#### What to work on:
Would you reproduce exactly, and only, the lines starting at the one with "MEA: Sa**** Ah**** | |" and ending at the last line of the data, with both included? Leave the pictures out.

#### Recorded information:
- - -

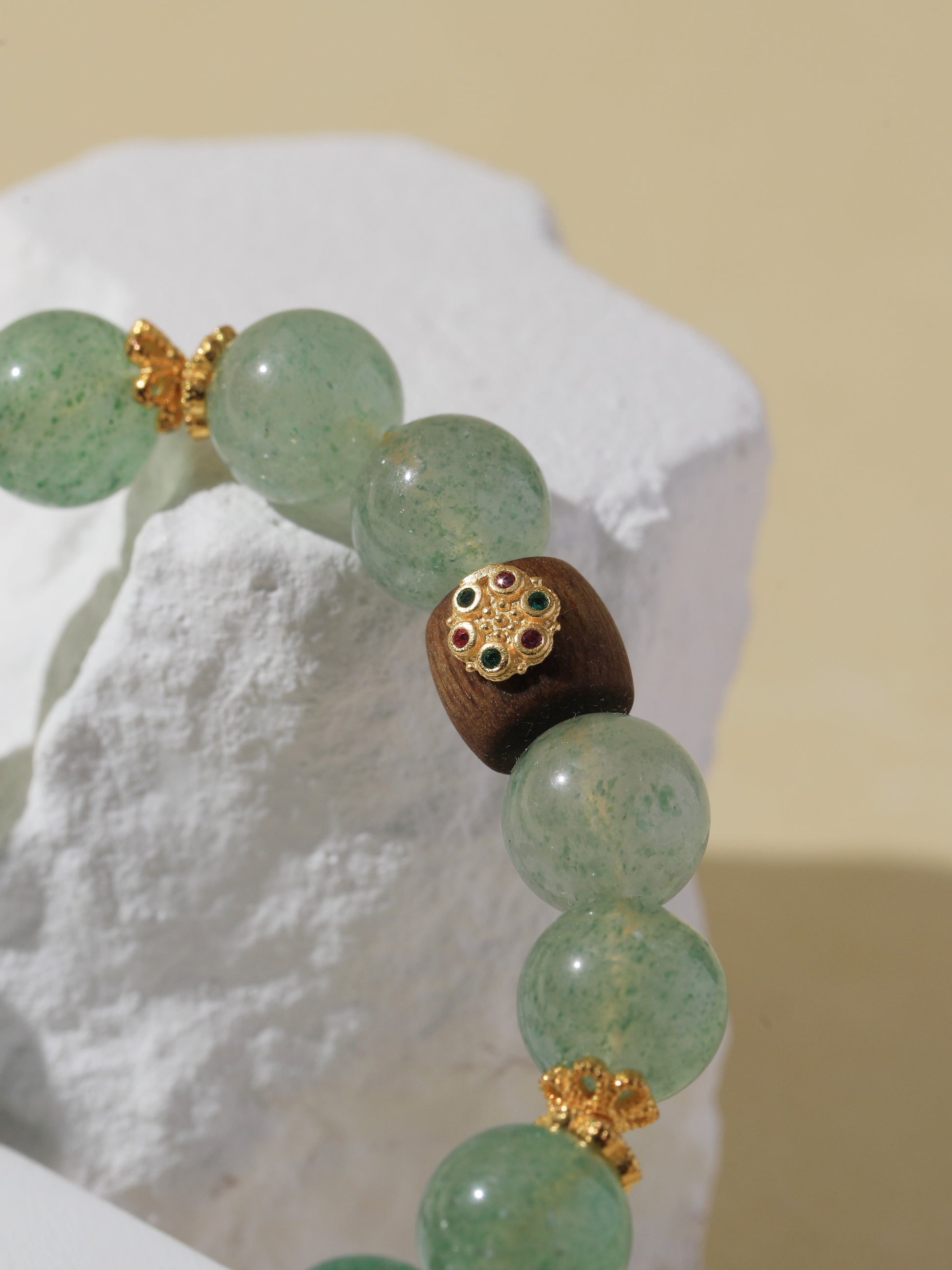 Green Quartz is associated with growth, clarity, and emotional renewal. It promotes a gentle flow of energy that soothes the heart and mind. Agarwood, prized in Eastern traditions, offers grounding and purification, enhancing your sense of inner peace and spiritual protection. This bracelet pairs 9.5mm gradient Green Quartz with a natural Agarwood bead and gold-tone accents, blending fresh green tones with the warmth of wood in an elegant, grounding design.
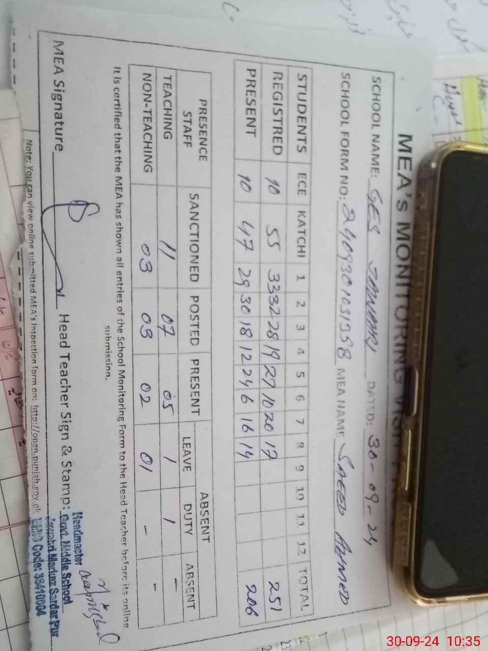 | Monitoring Date: 30-09-2024 | Start Time: 30-09-2024 09:59 AM | End Time: 30-09-2024 10:37 AM | Name of MEA: Sa**** Ah**** | |
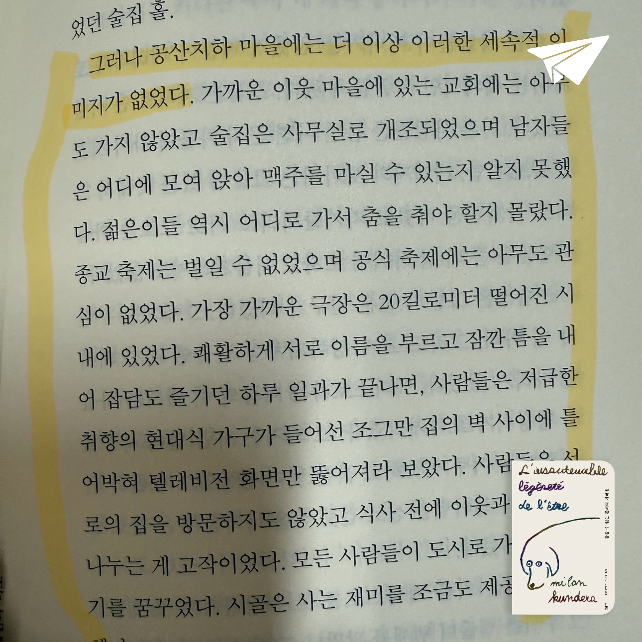 크게 생각해 보면 체코 프라하의 봄 전후로 역사 속 소용돌이에서 겪는 각 인물들의 처절한 인생사를 쪼개쪼개 보니 이러이러하더라 그래서 그들이 안타깝다란 생각이 들었다.

- - -

#### Answer:
 | Monitoring Date: 30-09-2024 | Start Time: 30-09-2024 09:59 AM | End Time: 30-09-2024 10:37 AM | Name of MEA: Sa**** Ah**** | |
 크게 생각해 보면 체코 프라하의 봄 전후로 역사 속 소용돌이에서 겪는 각 인물들의 처절한 인생사를 쪼개쪼개 보니 이러이러하더라 그래서 그들이 안타깝다란 생각이 들었다.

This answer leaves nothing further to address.